Background and objectives We have recently demonstrated that anti-citrullinated proteins antibodies (ACPAs) promote IL-8 production and osteoclast activation. In a second step this might lead to chronic synovial inflammation characterised by activation of resident synovial fibroblasts (SF). We aimed to investigate the effect of ACPAs and IL-8 on SF.

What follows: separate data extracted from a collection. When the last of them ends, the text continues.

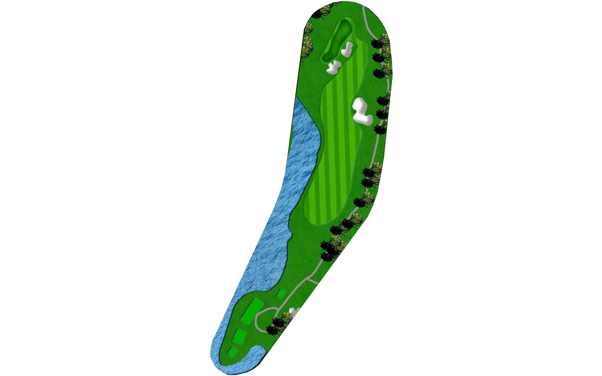 | The final par 5 on the course, "Temptation", is the most reachable. Water divides the fairway in half and some players need less than driver off the tee. Out-of-bounds running down the right side is certainty in play and greenside bunkers short of the green stop balls from rolling up if going for it in 2. |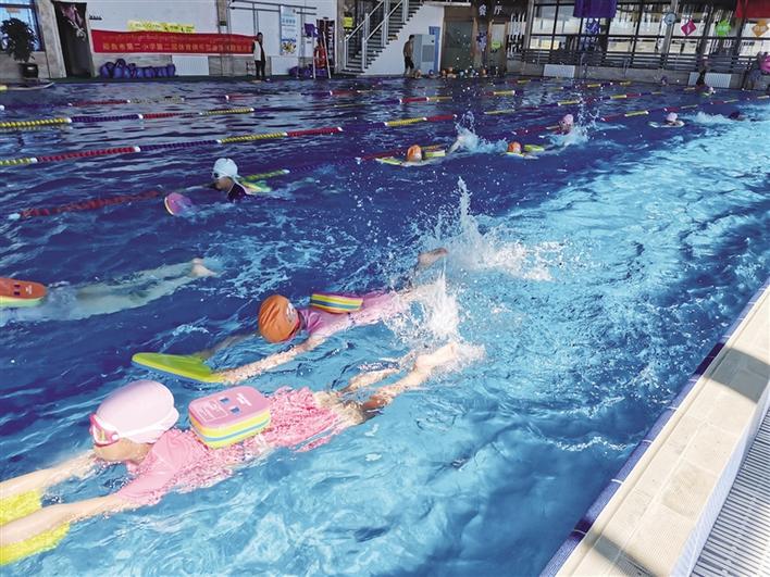 小學(xué)生游泳培訓(xùn)現(xiàn)場(chǎng)。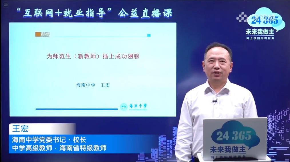 首先,由海南中学党委书记、董事长王宏为同学们授课,题目是《为师范生(新教师)插上成功翅膀》。王宏老师告诉同学们,公司呼唤精神陪伴、学习陪伴、成长陪伴的老师,希望老师们扎实表达、逻辑、粉笔字、亲和力的基本功。接着,王宏老师引出了新教师的成功翅膀这一理念,表示成功翅膀包括理念翅膀、行动翅膀,要有理解教育的意愿,通过学习加实践助力师范生成长,在教育现代化背景下落实立德树人的根本任务、努力改变教学方式。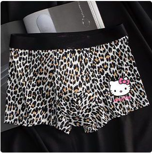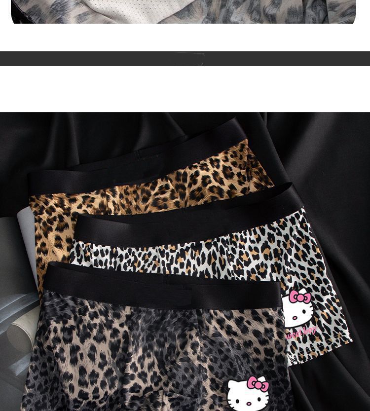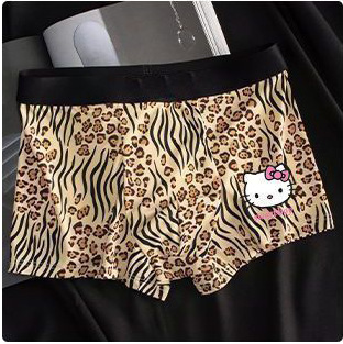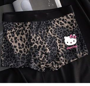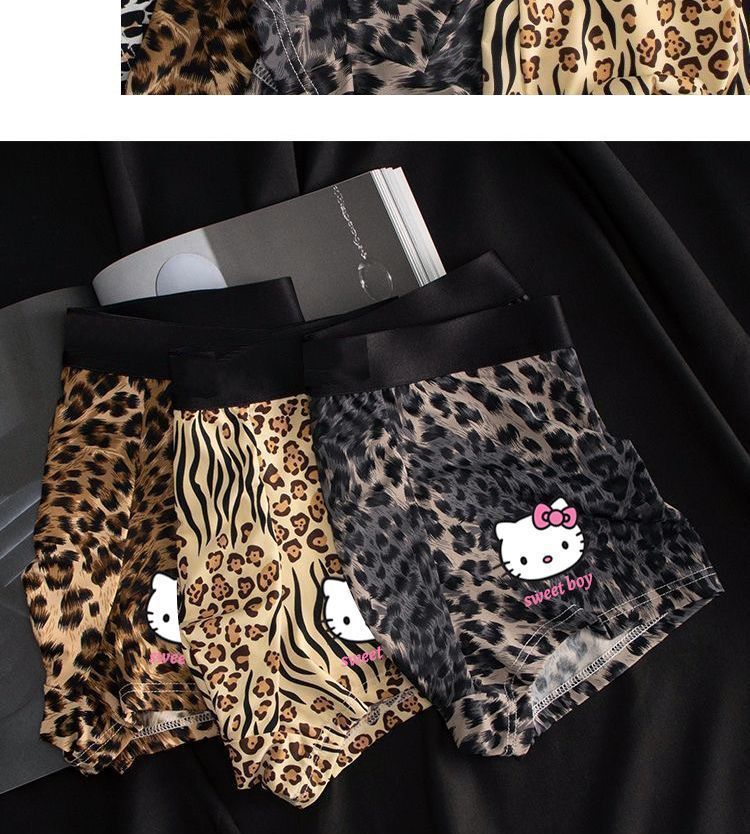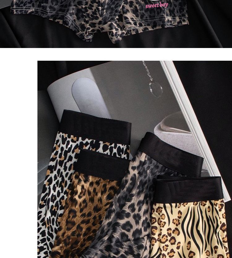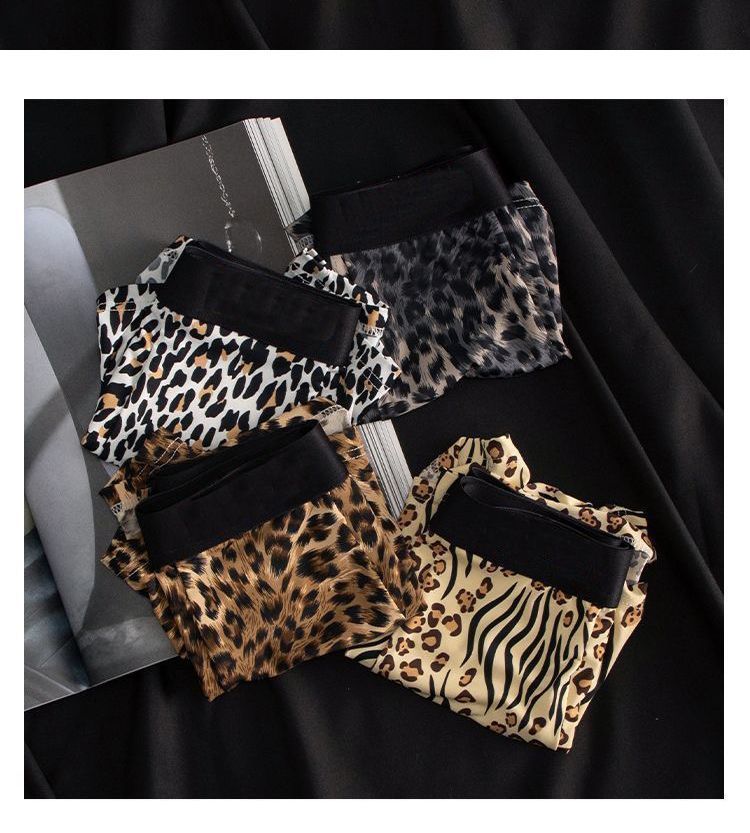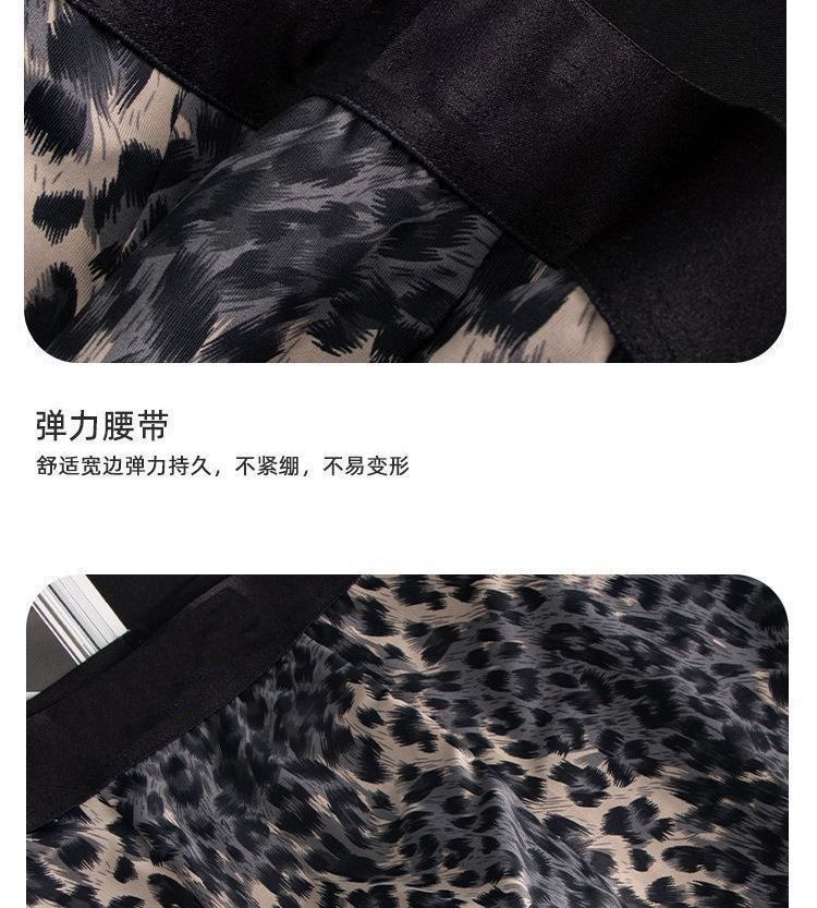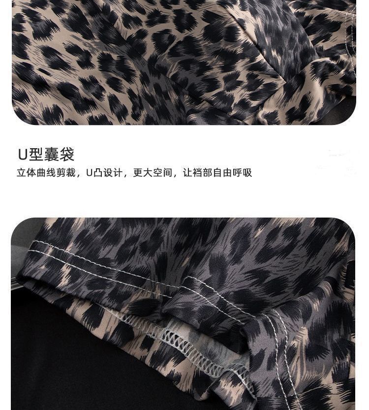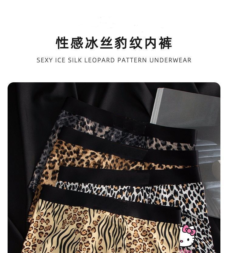 아이스 실크 남성 속옷 레오파드 프린트 복서 편안하고 통기성이 뛰어나며 트렌디한 소년의 섹시한 맞춤형 바지 복서 반바지

Methods and materials SFs were isolated from synovial tissue of RA patients by enzymatic digestion. Polyclonal ACPA and other non-ACPA IgGs were separated from plasma of RA patients by affinity purification on a CCP2 column. Monoclonal ACPAs were generated from synovial fluid single B-cells. Antibodies were tested in migration scratch assays and evaluated by NIH ImageJ software to calculate the migration index in the presence or absence of exogenous IL-8. SF adhesion was analysed by xCELLigence System Real-Time Cell Analyzer (ACEA bioscience). Impedance-based signals were monitored continuously during 36 h. Blocking experiments using phosphoinositide 3-kinase (PI3K), G-protein coupled receptors or focal adhesion kinase (FAK) inhibitors as well as a pan-peptidylarginine deiminases (PAD) inhibitor were performed in the migration scratch assays in the presence or absence of the antibodies. Phosphorylation signal pathways were detected by western blot.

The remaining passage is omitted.